### TASK DETAILS
Write each line of the material exactly as given, from the top through the line that contains "The effect of", and omit all pictures.

### RECORDED DATA
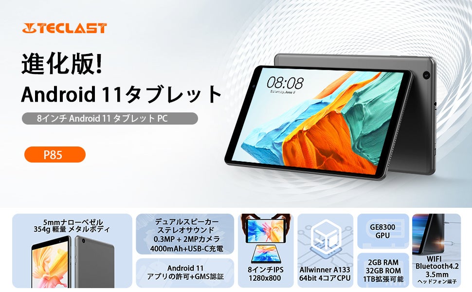 最先端のAndroid 11システムを搭載するために、ユーザーのプライバシー保護とアクセス制御という機能をさらに強化しています。また、Android 11システムの機能も更新・アップグレードされており、新機能のご利用をお試しいただけます。ストレージは2GB+32GBで、Micro SDカードを使用すると、より大きな容量に拡張できます。仕事にとってちょっと不足かもしれなく、日常で映画、ドラマや電子辞書を見ることなど十分だと思いますね。子供にも最適。
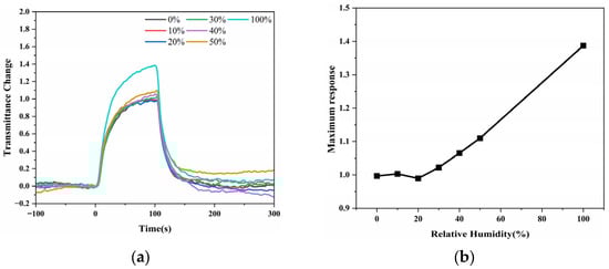 The effect of ambient humidity on the sensor response was evaluated using 2-pentanone as a representative analyte (Figure 10a,b). Measurements were conducted under controlled relative-humidity levels of 0%, 10%, 20%, 30%, 40%, 50%, and 100%. The LSPR signal at 600 nm showed rapid and reversible variations during gas exposure (0–100 s) and purging for all humidity levels. As summarized in Figure 10b, the response magnitude changed only slightly below 20% RH, whereas a linear dependence (y = 0.53x + 0.8552) was observed above this range. These results indicate that the ZIF-8–modified substrate exhibits good humidity tolerance and a predictable linear behavior under higher humidity conditions. At normal ambient temperatures, the refractive-index variation in air and the corresponding shift in the localized surface plasmon resonance spectrum are far smaller than the gas-induced signal magnitude, indicating that temperature fluctuations have a negligible influence on the sensing performance under typical laboratory conditions.
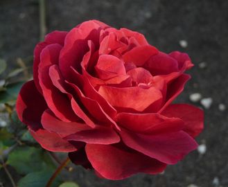 Главная палитра – бордово-красная с тёмными тонами. Но в целом эта роза относится именно к красным. По очертаниям цветок похож на бокаловидный раскрывающийся бутон. По размеру эта культура относится к крупным цветам: диаметр цветка колеблется от 10 до 12 см. Благодаря наличию 56 лепестков данный сорт отнесен к густомахровым. Располагаются цветки либо по одному (чаще всего очерёдно), либо в небольших соцветиях (по 2-3 бутона). Запах цветка – фруктовый, в частности, напоминает абрикосовые и персиковые ноты. Сильно выраженные по своему аромату цветки Эдит Пиаф привлекают множество поклонников, которым нравится именно фруктовый запах. Пестроты и двухцветности не обнаружено: цветки не имеют характерной для этого параметра окантовки по краям.
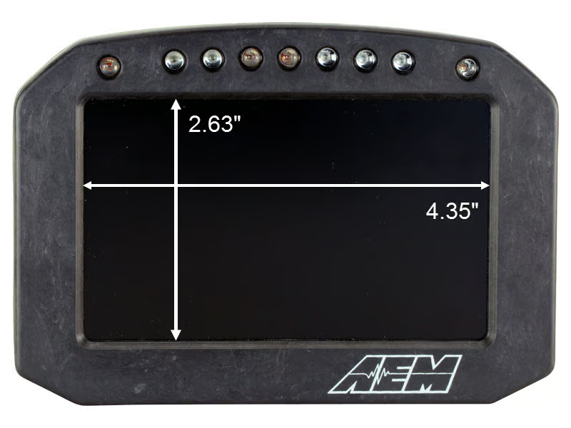 AEM CD5 Carbon Flat Panel Digital Displays are perfect for flush mount installation or in-dash enclosures with tight tolerances. They include all of the robust features found in the original CD-5 Carbon car dashboard monitors, but do not have buttons or an LED shade hood built into the enclosure. AEM CD5 Carbon Flat Panel Digital Displays feature full-color, daylight readable screens surrounded by a slim, tough, lightweight flow-molded carbon fiber composite housing. Seven ultra-bright LEDs span the top of the display housings for RPM and shift light indication. Users can program them to ascend in specific increments based on RPM range and flash when it is time to shift. Brightness is user programmable on the fixed color LEDs. A remote button kit (PN 30-3610, sold separately) easily wires into the CD Carbon wiring harness and allows users to change pages and clear memory. Two additional programmable LEDs are included in the car dashboard monitor's enclosure and are fully programmable

### SOLVED PROBLEM
 最先端のAndroid 11システムを搭載するために、ユーザーのプライバシー保護とアクセス制御という機能をさらに強化しています。また、Android 11システムの機能も更新・アップグレードされており、新機能のご利用をお試しいただけます。ストレージは2GB+32GBで、Micro SDカードを使用すると、より大きな容量に拡張できます。仕事にとってちょっと不足かもしれなく、日常で映画、ドラマや電子辞書を見ることなど十分だと思いますね。子供にも最適。
 The effect of ambient humidity on the sensor response was evaluated using 2-pentanone as a representative analyte (Figure 10a,b). Measurements were conducted under controlled relative-humidity levels of 0%, 10%, 20%, 30%, 40%, 50%, and 100%. The LSPR signal at 600 nm showed rapid and reversible variations during gas exposure (0–100 s) and purging for all humidity levels. As summarized in Figure 10b, the response magnitude changed only slightly below 20% RH, whereas a linear dependence (y = 0.53x + 0.8552) was observed above this range. These results indicate that the ZIF-8–modified substrate exhibits good humidity tolerance and a predictable linear behavior under higher humidity conditions. At normal ambient temperatures, the refractive-index variation in air and the corresponding shift in the localized surface plasmon resonance spectrum are far smaller than the gas-induced signal magnitude, indicating that temperature fluctuations have a negligible influence on the sensing performance under typical laboratory conditions.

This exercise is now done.